Vi a Pat Metheny al aire libre, en la Axerquía cordobesa, hace casi veinte años. Todavía, que yo sepa, sigue dando giras embutido en la camisa a rayas. No sé qué deuda le debo, pero alguna hay. Probablemente fue Metheny quien me mostró que detrás de la música visible circula otra que no siempre se aprecia con facilidad pero que, a la larga, bien oída, es la más duradera y la que más engolosina el alma. Fue la época en la que yo conocía Letter from home, aunque los amigos que me llevaron (Antonio Linares, cuánto te debo) me contaba que era su disco más asequible y que había otros (Rejoicing, Travels, Offramp) de mayor enjundia. Nada que no pudiéramos solucionar después. De hecho llevo toda la vida oyendo cada nuevo disco de Pat Metheny con reverencia y devoción.
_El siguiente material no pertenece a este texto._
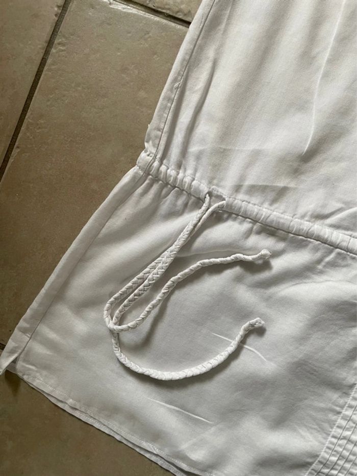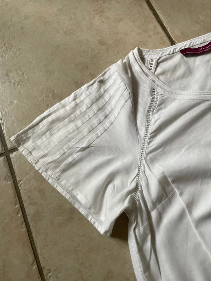Manches courtes, coloris blanc. À nouer sur le côté. Plein de petits détails ton sur ton
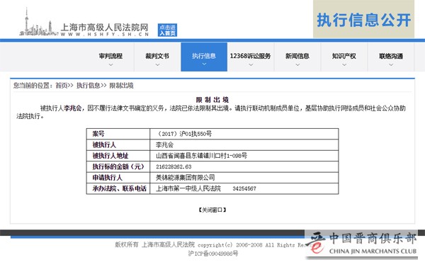 核心提示:被执行人李兆会,因不履行法律文书确定的义务,法院已依法限制其出境。请执行联动机制成员单位,基层协助执行网络成员和社会公众协助法院执行。申请执行人:美锦能源集团有限公司
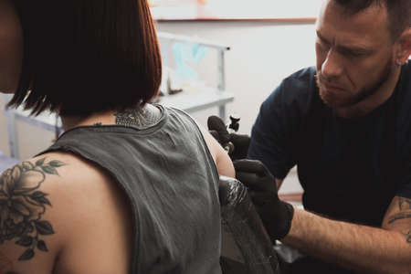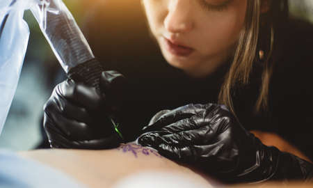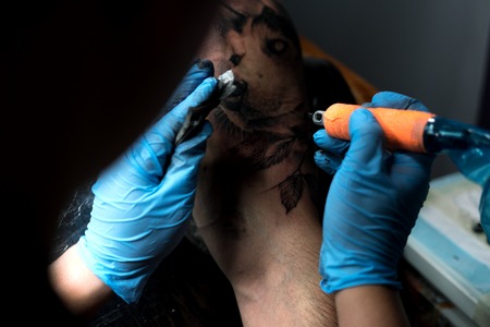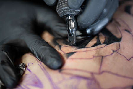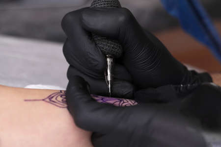 tattoo master artist makes a tattoo. Closeup

Da lo mismo que se abisme en el jazz más críptico (Song X, Ornette Coleman) que abrace indisimuladamente esa new age de resonancias jazzísticas que le ha valido, entre otras cosas, ser programado en emisoras convencionales de radio y escuchado por gente completamente ajena al jazz puro, al estímulo del jazz concebido como una arqueología del sonido, no sé, me estoy desplazando del punto de proyección, del jazz razonado como todo lo que no es posible razonar ni inventariar bajo premisa sonora alguna.
Después de aquel memorable concierto a la orilla del Guadalquivir está Diego Gómez y Juan Carlos García, a los que hace demasiado que no veo, que también recorrieron conmigo algunos discos y con los que disfruté algo que a veces nunca se consigue y que consiste en charlar distendidamente, sin afán pedagógico, sin pedantería enciclopédica, sin esa aristocracia de la sensibilidad que hace que lo que escucha uno, por el hecho de ser elegido por nuestra santa voluntad, sea superior y más noble y más inteligente que lo que los demás, en su torpeza sensible, en su oscuridad melómana, prefieren.
Y hoy, Domingo, a la espera de que unos buenos amigos vengan a casa a comer, Pat Metheny me está acompañando con el entusiasmo de siempre. No le veo las rayas, pero están.